The book then went to Georg Wilhelm Fleischmann (1693-1776), who offered the "Holbein-drawings" as a gift to Christian de Mechel, who rejected them. Mechel suggested instead that Fleischmann donated the drawings to the art museum in Basel, but here they were also rejected. Maybe because it was evident that the drawings were not made by Holbein.
After that, the book was purchased by the Russian ambassador in Vienna, Prince Galitzine. In the mean time, Mechel had regretted rejecting the offer, and Prince Galitzine allowed Mechel to borrow and copy the drawings.
Most experts formerly agreed that the drawings then ended up in the imperial collection in St. Petersburg, but this is probably a misunderstanding. In the 19th century, the drawings were bought by Ambroise Firmin-Didot, who let the Holbein-expert Alfred Woltmann investigate them. Woltmann concluded that the drawings were fake.

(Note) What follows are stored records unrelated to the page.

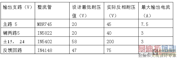 整流管必须选择恢复速度高的肖特基整流管,具体的选择是依据各路的输出电压水平和输出电流容量,整流管的额定工作电流至少为该支路最大输出电流的三倍以上,管子的反向耐压也需要在最低耐压值的基础上留够裕量。具体方案如下表所示:
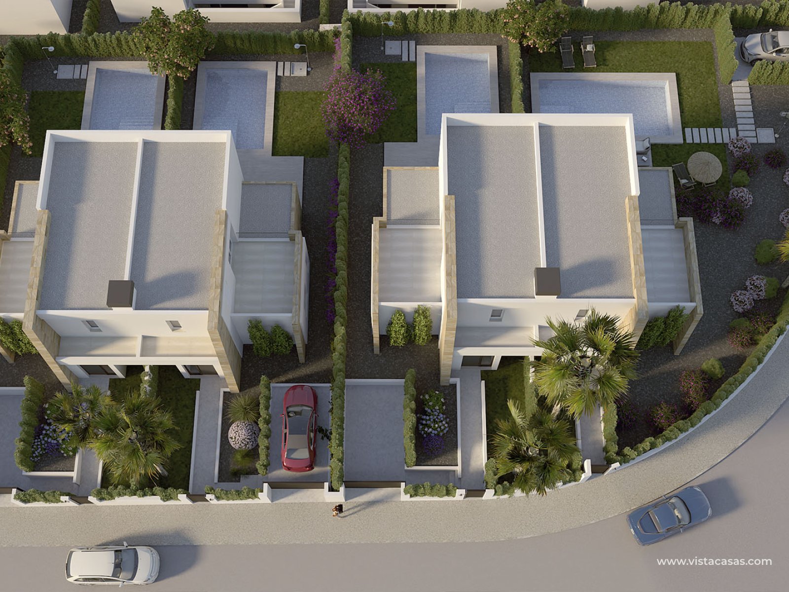 Deze rijwoningen zijn een uitstekende keuze voor degenen die een woning willen kopen dicht bij de Alicante-kust, waarbij luxe en functionaliteit op één plek worden gecombineerd. Met hun interieurontwerp dat gericht is op kwaliteit en efficiëntie, creëren deze huizen een gezellige en moderne sfeer die uitnodigt om van elke hoek te genieten. Mis de kans niet om te wonen in deze exclusieve enclave aangeboden door Vistacasas, waar comfort en stijl slechts een paar stappen van de Middellandse Zee verwijderd zijn.
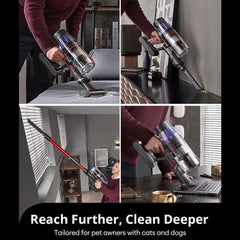 Mėgaukitės efektyviu valymu su 550 W galia ir net 45 kPa siurbimo jėga. Šis galingas belaidis dulkių siurblys lengvai susitvarko su dulkėmis, nešvarumais ir įsisenėjusiais gyvūnų plaukais ant įvairių paviršių – nuo kietų grindų iki kilimų.

The fake Holbein-drawings then had a number of owners — among them Prince Johan II of Liechtenstein. In the 1970ies, the Dutch art historian I. Q. van Regteren Altena discovered that the fake Holbein-drawings were genuine Rubens-drawings, and today the drawings are situated at the copperplate museum in Antwerp.
The drawings are among the very earliest works known by Rubens. Rubens might already have copied Holbein when he was 12-13 years, before he started his formal training as an artist.
There are 44 pages with a total of 47 out of Holbein's 58 pictures. One of the drawings, The escutcheon of Death, is of inferior quality and is not attributed to Rubens. Rubens has no less than 5 pictures of Holbein's little boys. The little flabby boys must have agreed with Rubens' own rounded style. This shows that Rubens must have used the 1562-edition of Holbein's Les Images de la Mort.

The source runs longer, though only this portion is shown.